The correlation analysis between microbial changes and symptom response highlighted distinct associations at both compositional and functional levels.

For instance, Bifidobacterium adolescentis exhibited positive correlations with relief in fatigue, gastrointestinal upset, and memory loss, while an increased relative abundance of Bifidobacterium bifidum correlated with alleviation in fatigue and general unwellness.

Recognising the complexity of PACS, researchers underscore the need for robust, globally validated assessment tools for individual symptoms, as current tools may not fully capture the diverse array of symptoms affecting different organs. Future studies should aim for a more diverse participant pool to validate the study's findings.

“Our findings support the potential of gut microbiome-targeted therapeutics for PACS in the post-COVID era.” Researchers wrote.

“To date, studies using probiotic intervention to alleviate PACS are sparse, and the optimal dose, duration, or type of bacteria requires further interventional trials.”

In a second paper published in the Hong Kong Medical Journal, data showed that children who took SIM01 experienced lower rates of adverse events after COVID-19 vaccination.

The result was obtained from an analysis of 95 children, aged five to 17 years old, who took it while receiving at least one vaccine dose between April and August 2022.

During this period, these children were administered one sachet of SIM twice daily. The supplementation commenced either a week before the first vaccine dose, continuing until a week after the completion of the second dose, or three weeks before the second dose, to a week after vaccination.

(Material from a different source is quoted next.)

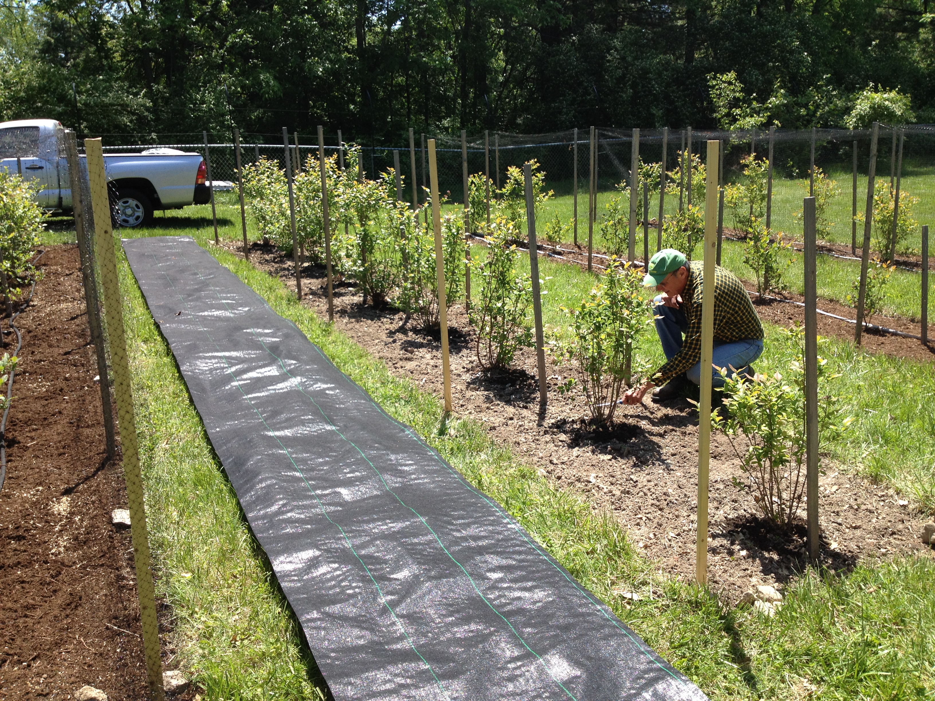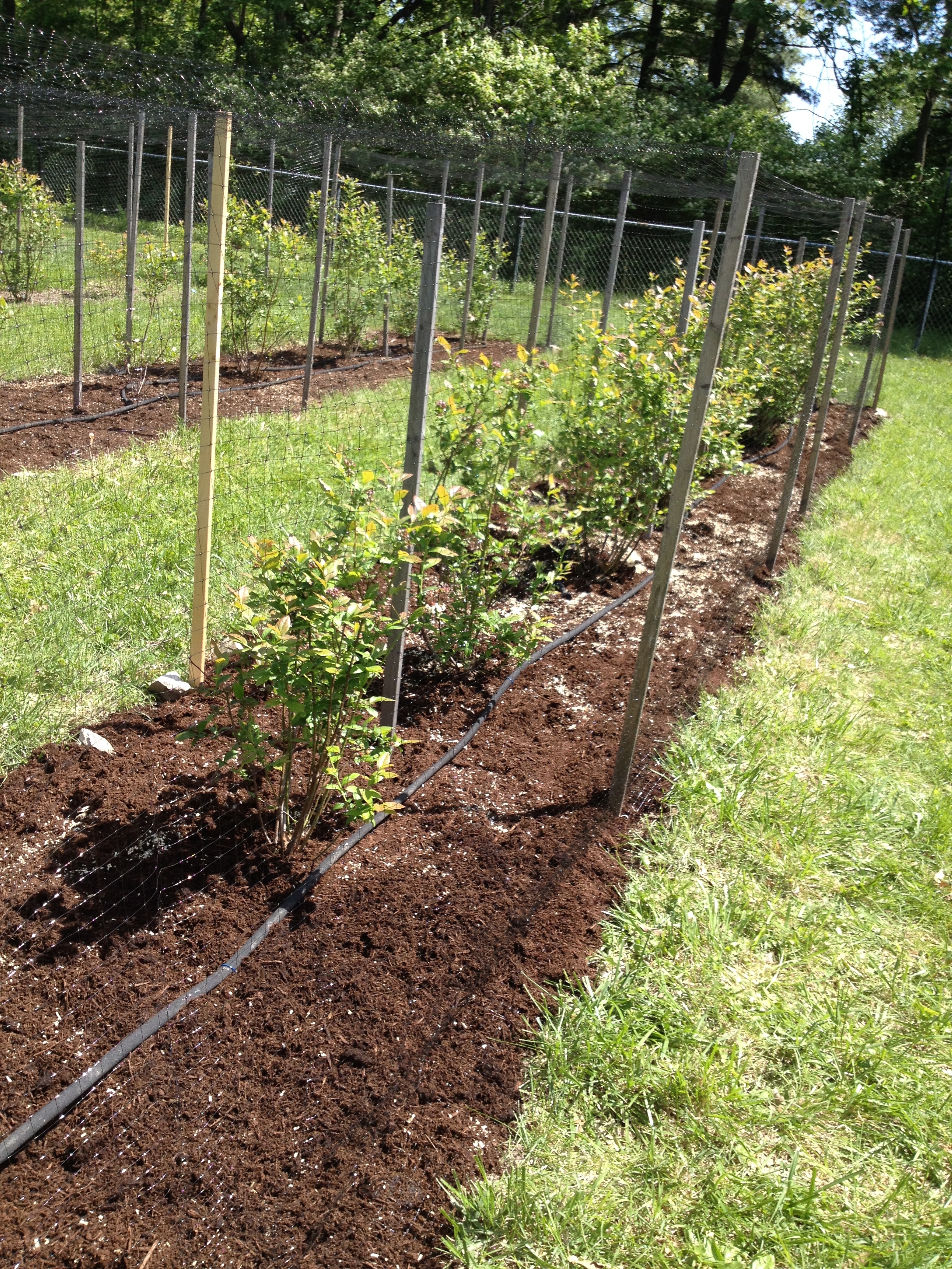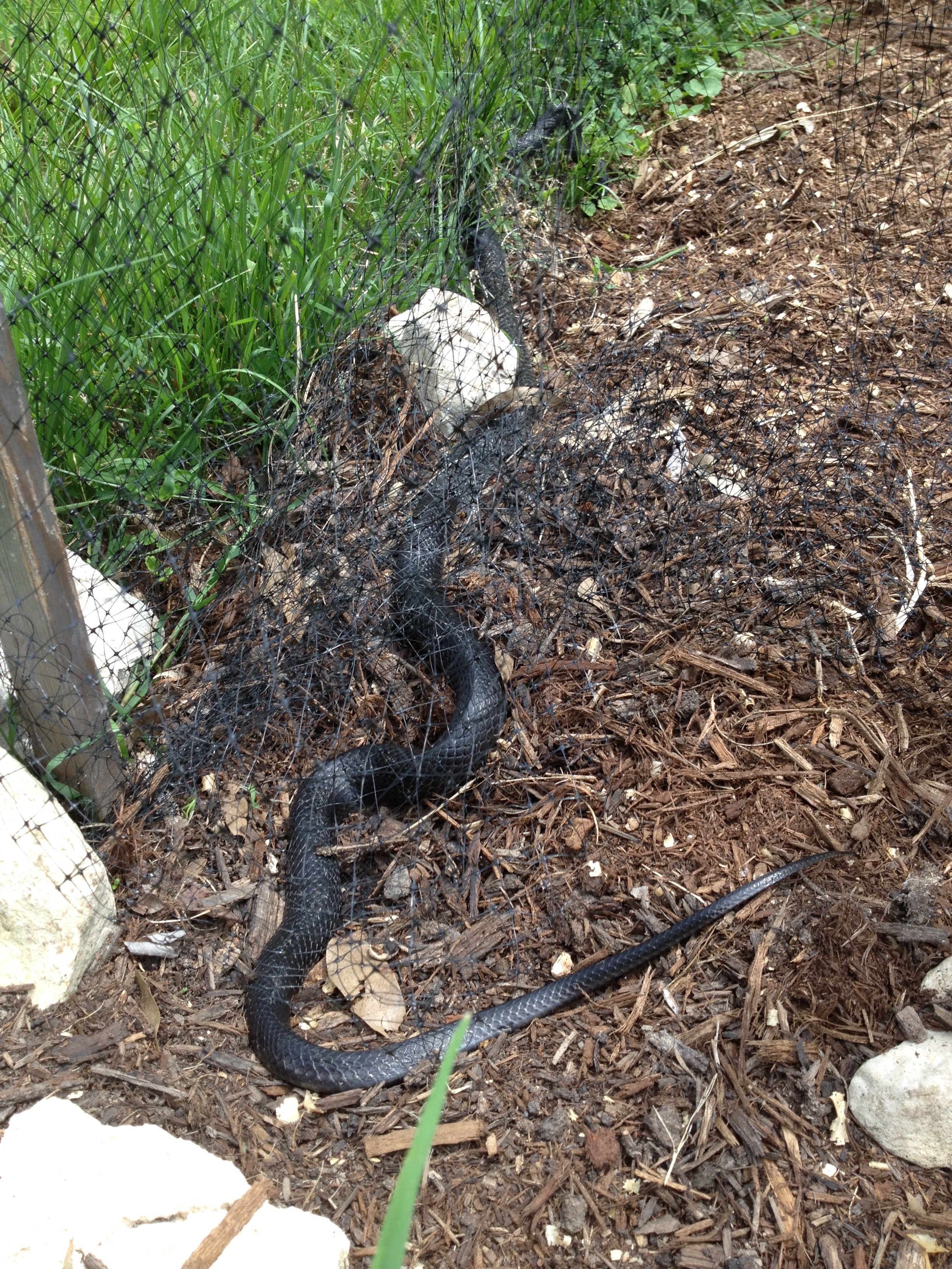 The last blueberry row has finally been thoroughly weeded and mulched so we added the netting today but not before two black snakes, (Romeo and Juliet?) found themselves entangled in the blueberry netting at either end of the same row. Unfortunately, like so many other black snakes before them, they were not able to extricate themselves from the netting. I think they are attracted to the black soaker hoses that we have laid out in the rows. We are sad to have lost two more of these since they do their bit here by helping to keep the small rodent population in check.

Comparatively, the BioNTech/Pfizer vaccine BNT162b2 exhibited a higher incidence of reported adverse events in children compared to CoronaVac (Sinovac Biotech).

Notably, the odd ratio for injection site symptoms with BNT162b2 was 2.59 (95% confidence interval [CI]=1.14-5.95; p=0.02). In addition, the odds ratios for arm/leg pain and fever were 6.5 (95% CI=1.44-60.89; p=0.08) and 13.78 (95% CI=2.22 to infinity; p=0.02), respectively.

Adverse events were generally similar between the two vaccine doses, though some effects were more pronounced after the second dose.

For instance, arm/leg pain (second dose: 18.6%, first dose: 10.5%), fatigue (including fatigue/ tiredness/lethargy or lack of energy/drowsiness; second dose: 26.7% vs first dose: 21.1%), and fever (second dose: 12.8% vs first dose: 7.9%). 

Researchers observed that children on SIM01 in this study experienced fewer adverse events when receiving BNT162b2, particularly in terms of injection pain or local reaction (71% vs 84.3%-90.5% in Product Monograph data), tiredness (29% vs 51%-77%), headache (10% vs 38.2%78.5%), chills (3% vs 12.4%-49.2%), and myalgia (0% vs 17.5%-42.2%).

There was no evident decrease in adverse events among children receiving CoronaVac.

Researchers also determined that the microbiota derived SIM01 formula is well-tolerated in children age between 5 and 17. Among the 95 children analysed in this study, only two discontinued SIM01 supplementation because of abdominal distension, loose stool or mouth sores.

 

Source 1: The Lancet Infectious Diseases

https://doi.org/10.1016/S1473-3099(23)00685-0

A synbiotic preparation (SIM01) for post-acute COVID-19 syndrome in Hong Kong (RECOVERY): a randomised, double-blind, placebo-controlled trial

Authors: Raphaela I Lau, et al

 

Source 2: Hong Kong Medical Journal

https://doi.org/10.12809/hkmj2210590

Can a microbiota-derived health supplement mitigate adverse events after COVID-19 vaccination in children?